- To do -
Reproduce each entry exactly, so that everything except the pictures is carried over.

- Supplied material -
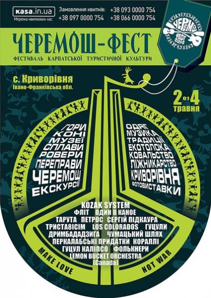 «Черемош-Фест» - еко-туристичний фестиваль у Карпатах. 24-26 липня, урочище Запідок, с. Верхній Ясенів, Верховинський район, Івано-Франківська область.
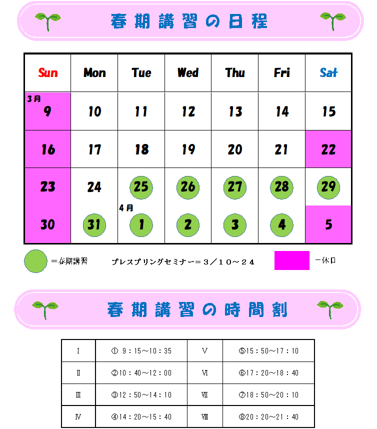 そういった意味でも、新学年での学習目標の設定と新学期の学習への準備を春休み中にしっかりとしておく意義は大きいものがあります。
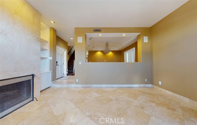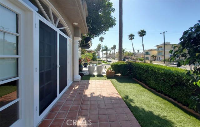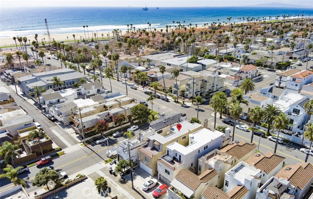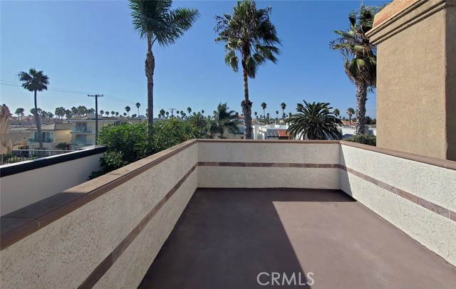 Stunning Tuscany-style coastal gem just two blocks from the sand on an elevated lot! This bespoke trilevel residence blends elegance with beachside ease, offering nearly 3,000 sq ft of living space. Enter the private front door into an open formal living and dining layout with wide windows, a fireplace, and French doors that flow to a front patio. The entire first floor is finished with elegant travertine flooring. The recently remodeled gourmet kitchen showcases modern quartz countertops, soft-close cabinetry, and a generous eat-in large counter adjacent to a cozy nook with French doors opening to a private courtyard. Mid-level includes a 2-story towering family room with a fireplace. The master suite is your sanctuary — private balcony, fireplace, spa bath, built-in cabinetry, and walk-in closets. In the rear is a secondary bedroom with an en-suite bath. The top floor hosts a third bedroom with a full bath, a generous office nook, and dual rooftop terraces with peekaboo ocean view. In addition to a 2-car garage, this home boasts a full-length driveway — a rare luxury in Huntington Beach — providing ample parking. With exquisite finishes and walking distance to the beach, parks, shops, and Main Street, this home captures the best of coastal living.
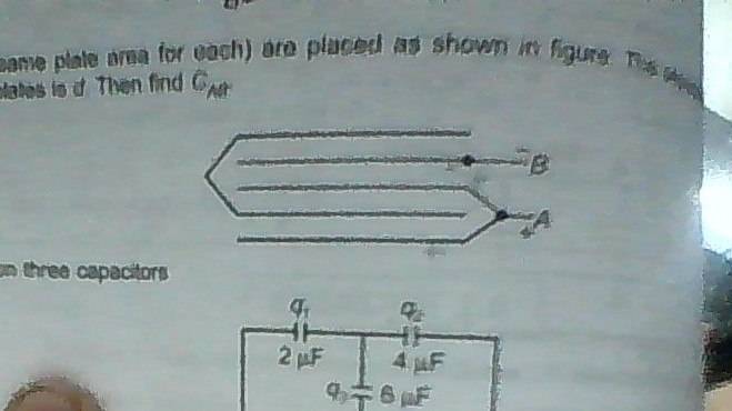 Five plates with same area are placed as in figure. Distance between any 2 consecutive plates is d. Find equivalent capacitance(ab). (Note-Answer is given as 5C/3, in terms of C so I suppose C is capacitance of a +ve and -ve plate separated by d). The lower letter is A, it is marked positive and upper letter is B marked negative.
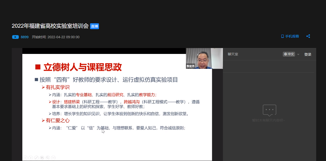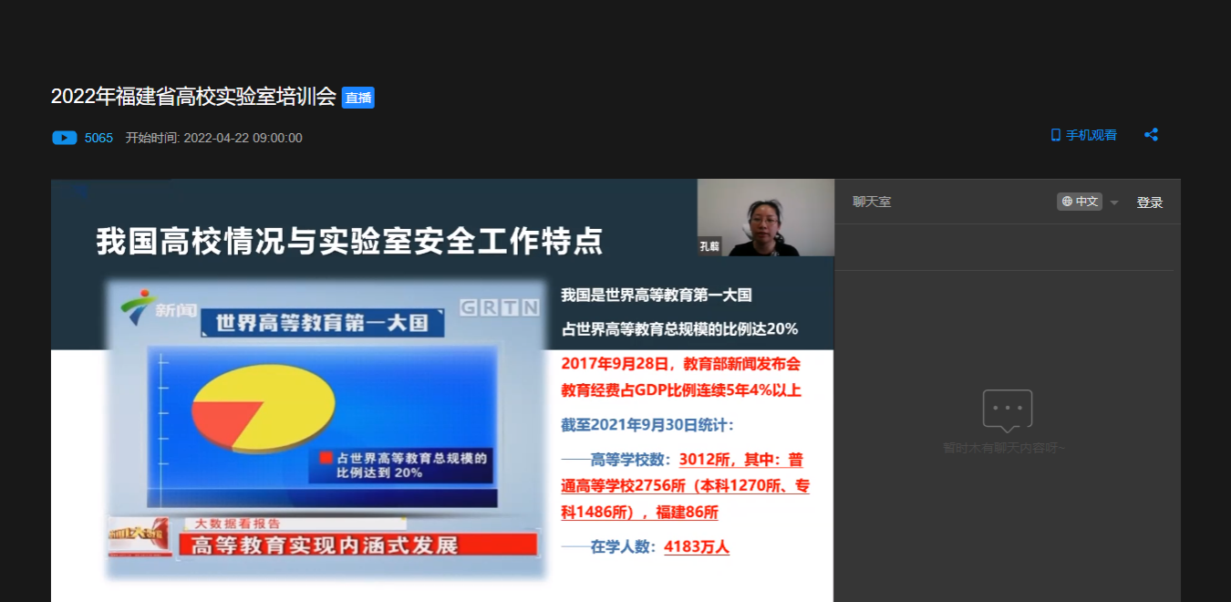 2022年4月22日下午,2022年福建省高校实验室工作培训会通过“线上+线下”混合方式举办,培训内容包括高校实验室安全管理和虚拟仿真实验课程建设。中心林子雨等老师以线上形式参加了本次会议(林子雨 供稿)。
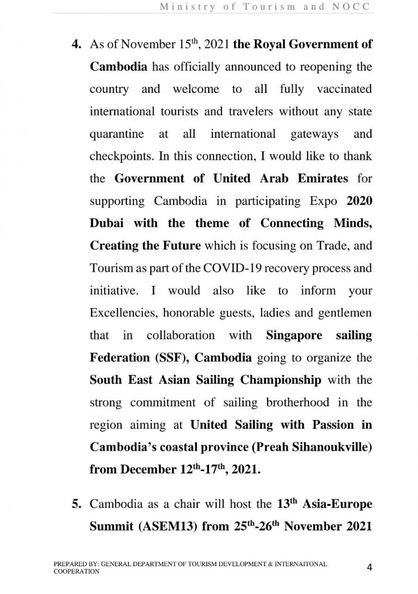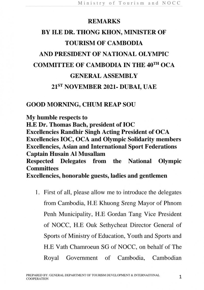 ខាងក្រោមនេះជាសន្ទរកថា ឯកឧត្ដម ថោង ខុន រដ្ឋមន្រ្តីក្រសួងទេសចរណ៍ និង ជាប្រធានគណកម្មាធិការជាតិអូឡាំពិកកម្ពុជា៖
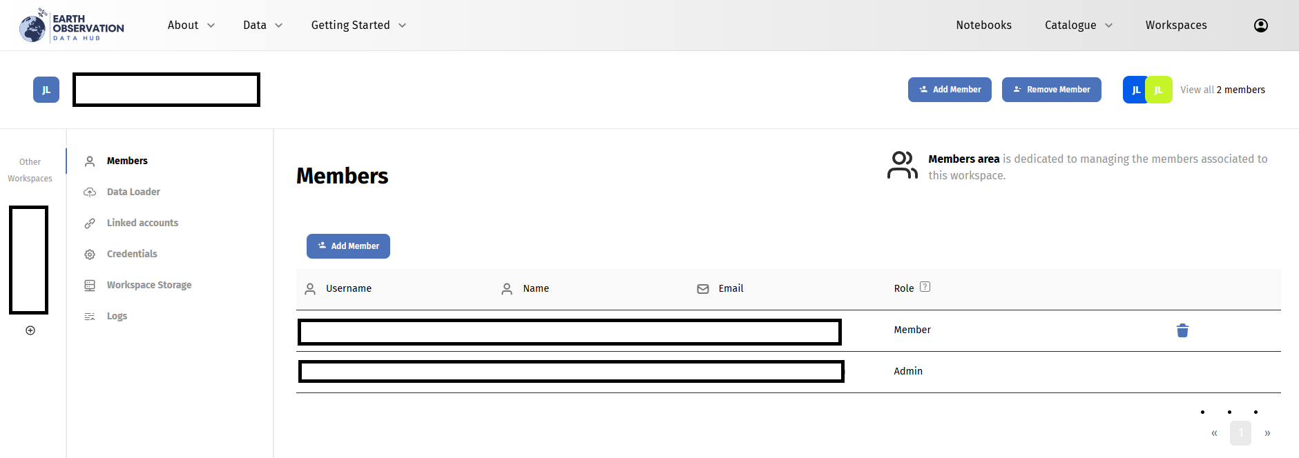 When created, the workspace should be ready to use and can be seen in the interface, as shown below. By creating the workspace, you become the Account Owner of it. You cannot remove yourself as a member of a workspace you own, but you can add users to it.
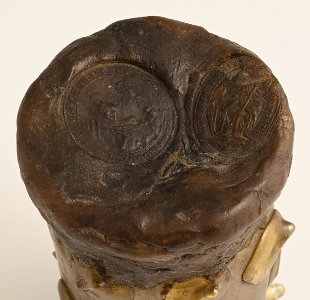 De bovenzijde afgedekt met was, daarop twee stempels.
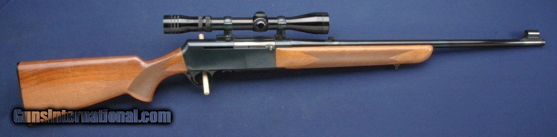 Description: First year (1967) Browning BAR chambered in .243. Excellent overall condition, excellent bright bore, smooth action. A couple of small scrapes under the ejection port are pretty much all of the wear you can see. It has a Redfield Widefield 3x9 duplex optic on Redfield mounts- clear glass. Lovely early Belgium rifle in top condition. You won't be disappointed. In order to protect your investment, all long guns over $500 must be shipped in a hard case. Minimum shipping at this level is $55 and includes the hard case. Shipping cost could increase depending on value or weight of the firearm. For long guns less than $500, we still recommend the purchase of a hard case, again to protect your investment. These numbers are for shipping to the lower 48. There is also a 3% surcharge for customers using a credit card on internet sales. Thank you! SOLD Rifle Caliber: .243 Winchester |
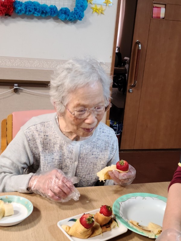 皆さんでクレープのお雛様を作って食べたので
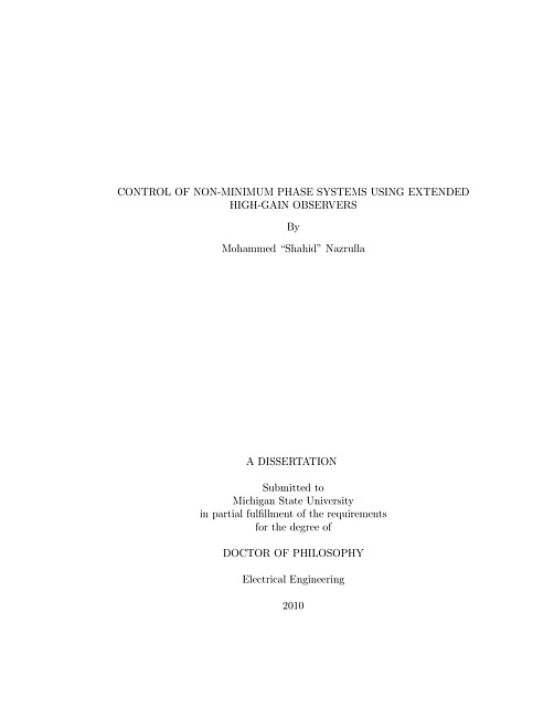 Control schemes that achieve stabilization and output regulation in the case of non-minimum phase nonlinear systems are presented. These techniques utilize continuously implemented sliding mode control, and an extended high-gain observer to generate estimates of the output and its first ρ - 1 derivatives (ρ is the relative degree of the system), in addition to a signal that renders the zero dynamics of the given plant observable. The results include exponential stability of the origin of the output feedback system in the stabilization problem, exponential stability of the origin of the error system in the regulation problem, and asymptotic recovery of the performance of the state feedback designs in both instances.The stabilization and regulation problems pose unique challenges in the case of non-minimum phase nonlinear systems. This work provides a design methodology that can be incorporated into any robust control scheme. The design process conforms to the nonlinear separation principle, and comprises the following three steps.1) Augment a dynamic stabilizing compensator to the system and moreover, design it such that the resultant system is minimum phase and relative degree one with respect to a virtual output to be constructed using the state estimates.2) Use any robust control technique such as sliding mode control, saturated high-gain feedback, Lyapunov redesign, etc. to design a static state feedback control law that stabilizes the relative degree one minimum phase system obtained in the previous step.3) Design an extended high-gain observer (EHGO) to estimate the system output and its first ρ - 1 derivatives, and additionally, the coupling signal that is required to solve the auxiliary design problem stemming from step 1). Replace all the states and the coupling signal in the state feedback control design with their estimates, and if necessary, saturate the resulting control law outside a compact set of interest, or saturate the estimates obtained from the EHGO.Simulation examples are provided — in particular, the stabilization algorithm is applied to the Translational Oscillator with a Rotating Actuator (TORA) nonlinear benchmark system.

- Response for this exercise -
 «Черемош-Фест» - еко-туристичний фестиваль у Карпатах. 24-26 липня, урочище Запідок, с. Верхній Ясенів, Верховинський район, Івано-Франківська область.
 そういった意味でも、新学年での学習目標の設定と新学期の学習への準備を春休み中にしっかりとしておく意義は大きいものがあります。
 Stunning Tuscany-style coastal gem just two blocks from the sand on an elevated lot! This bespoke trilevel residence blends elegance with beachside ease, offering nearly 3,000 sq ft of living space. Enter the private front door into an open formal living and dining layout with wide windows, a fireplace, and French doors that flow to a front patio. The entire first floor is finished with elegant travertine flooring. The recently remodeled gourmet kitchen showcases modern quartz countertops, soft-close cabinetry, and a generous eat-in large counter adjacent to a cozy nook with French doors opening to a private courtyard. Mid-level includes a 2-story towering family room with a fireplace. The master suite is your sanctuary — private balcony, fireplace, spa bath, built-in cabinetry, and walk-in closets. In the rear is a secondary bedroom with an en-suite bath. The top floor hosts a third bedroom with a full bath, a generous office nook, and dual rooftop terraces with peekaboo ocean view. In addition to a 2-car garage, this home boasts a full-length driveway — a rare luxury in Huntington Beach — providing ample parking. With exquisite finishes and walking distance to the beach, parks, shops, and Main Street, this home captures the best of coastal living.
 Five plates with same area are placed as in figure. Distance between any 2 consecutive plates is d. Find equivalent capacitance(ab). (Note-Answer is given as 5C/3, in terms of C so I suppose C is capacitance of a +ve and -ve plate separated by d). The lower letter is A, it is marked positive and upper letter is B marked negative.
 2022年4月22日下午,2022年福建省高校实验室工作培训会通过“线上+线下”混合方式举办,培训内容包括高校实验室安全管理和虚拟仿真实验课程建设。中心林子雨等老师以线上形式参加了本次会议(林子雨 供稿)。
 ខាងក្រោមនេះជាសន្ទរកថា ឯកឧត្ដម ថោង ខុន រដ្ឋមន្រ្តីក្រសួងទេសចរណ៍ និង ជាប្រធានគណកម្មាធិការជាតិអូឡាំពិកកម្ពុជា៖
 When created, the workspace should be ready to use and can be seen in the interface, as shown below. By creating the workspace, you become the Account Owner of it. You cannot remove yourself as a member of a workspace you own, but you can add users to it.
 De bovenzijde afgedekt met was, daarop twee stempels.
 Description: First year (1967) Browning BAR chambered in .243. Excellent overall condition, excellent bright bore, smooth action. A couple of small scrapes under the ejection port are pretty much all of the wear you can see. It has a Redfield Widefield 3x9 duplex optic on Redfield mounts- clear glass. Lovely early Belgium rifle in top condition. You won't be disappointed. In order to protect your investment, all long guns over $500 must be shipped in a hard case. Minimum shipping at this level is $55 and includes the hard case. Shipping cost could increase depending on value or weight of the firearm. For long guns less than $500, we still recommend the purchase of a hard case, again to protect your investment. These numbers are for shipping to the lower 48. There is also a 3% surcharge for customers using a credit card on internet sales. Thank you! SOLD Rifle Caliber: .243 Winchester |
 皆さんでクレープのお雛様を作って食べたので
 Control schemes that achieve stabilization and output regulation in the case of non-minimum phase nonlinear systems are presented. These techniques utilize continuously implemented sliding mode control, and an extended high-gain observer to generate estimates of the output and its first ρ - 1 derivatives (ρ is the relative degree of the system), in addition to a signal that renders the zero dynamics of the given plant observable. The results include exponential stability of the origin of the output feedback system in the stabilization problem, exponential stability of the origin of the error system in the regulation problem, and asymptotic recovery of the performance of the state feedback designs in both instances.The stabilization and regulation problems pose unique challenges in the case of non-minimum phase nonlinear systems. This work provides a design methodology that can be incorporated into any robust control scheme. The design process conforms to the nonlinear separation principle, and comprises the following three steps.1) Augment a dynamic stabilizing compensator to the system and moreover, design it such that the resultant system is minimum phase and relative degree one with respect to a virtual output to be constructed using the state estimates.2) Use any robust control technique such as sliding mode control, saturated high-gain feedback, Lyapunov redesign, etc. to design a static state feedback control law that stabilizes the relative degree one minimum phase system obtained in the previous step.3) Design an extended high-gain observer (EHGO) to estimate the system output and its first ρ - 1 derivatives, and additionally, the coupling signal that is required to solve the auxiliary design problem stemming from step 1). Replace all the states and the coupling signal in the state feedback control design with their estimates, and if necessary, saturate the resulting control law outside a compact set of interest, or saturate the estimates obtained from the EHGO.Simulation examples are provided — in particular, the stabilization algorithm is applied to the Translational Oscillator with a Rotating Actuator (TORA) nonlinear benchmark system.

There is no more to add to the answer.